Legislation as a driver for cyber insurance also fits within the Burke and Litwin Model. As previously mentioned, this model suggests that the most dominant influence on organisational performance and change is the external environment . This could include factors such as legislation (e.g. the introduction of the GDPR) and media coverage of cyber risk—both of which were mentioned by those we interviewed as drivers of cyber insurance uptake. Therefore, in much the same way as Burke and Litwin, we found that external factors appear to have a strong influence on cybersecurity decision-making within companies.
Many approaches to cybersecurity assume a rational decision-making process. However, human decision-making and perception of risk does not always follow rational processes (Evans, 2003). This will be discussed further in Chapter 3. Many approaches also assume accurate calculations of benefit and risk—but this is unlikely at best, due to the current lack of data on cyber risk and how to measure it (Eling and Schnell, 2016).
Our findings suggest that companies may be responsive to more detailed cyber insurance policy wording regarding the specific terms and conditions of coverage (e.g. inclusions and exclusions). However, greater precision can make it difficult for policies to take into account the changing nature of the cybersecurity environment. Therefore a balance is needed between providing enough detail to reassure and/or guide companies, whilst maintaining enough room for policies to take into account new developments in cybersecurity risk and protection. Further research is required to investigate the most appropriate level of specificity. Legislation surrounding the standardisation of cyber insurance policy wording could help to reassure companies, and also address confusion over what policies cover (and clarify the perceived ‘grey area’ between traditional insurance policies and cyber policies).

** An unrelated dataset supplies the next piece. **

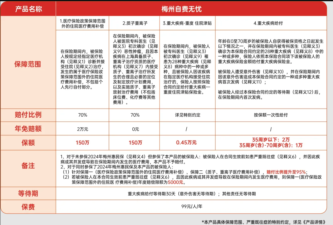 “梅州自费无忧”是一款梅州医保参保人专属补充医疗保险,致力于减轻基本医疗保险政策范围外不能报销的住院自费费用,同时新增重大疾病给付责任,与梅州市基本医疗保险、大病保险、梅州惠民保形成错位补充,合力减轻市民医疗费用负担,避免因病返贫,是梅州市多层次医疗保障体系中重要的一环。

Given companies’ lack of confidence in insurers, policymakers should foster practices that could help build trust between insurers and insured companies. To achieve greater awareness around cyber risk and improve cybersecurity practices, policymakers can help partially overcome the issues involving the absence of good cyber incident data by promoting greater information sharing. There is a need for further investigation into the most appropriate ways to implement this.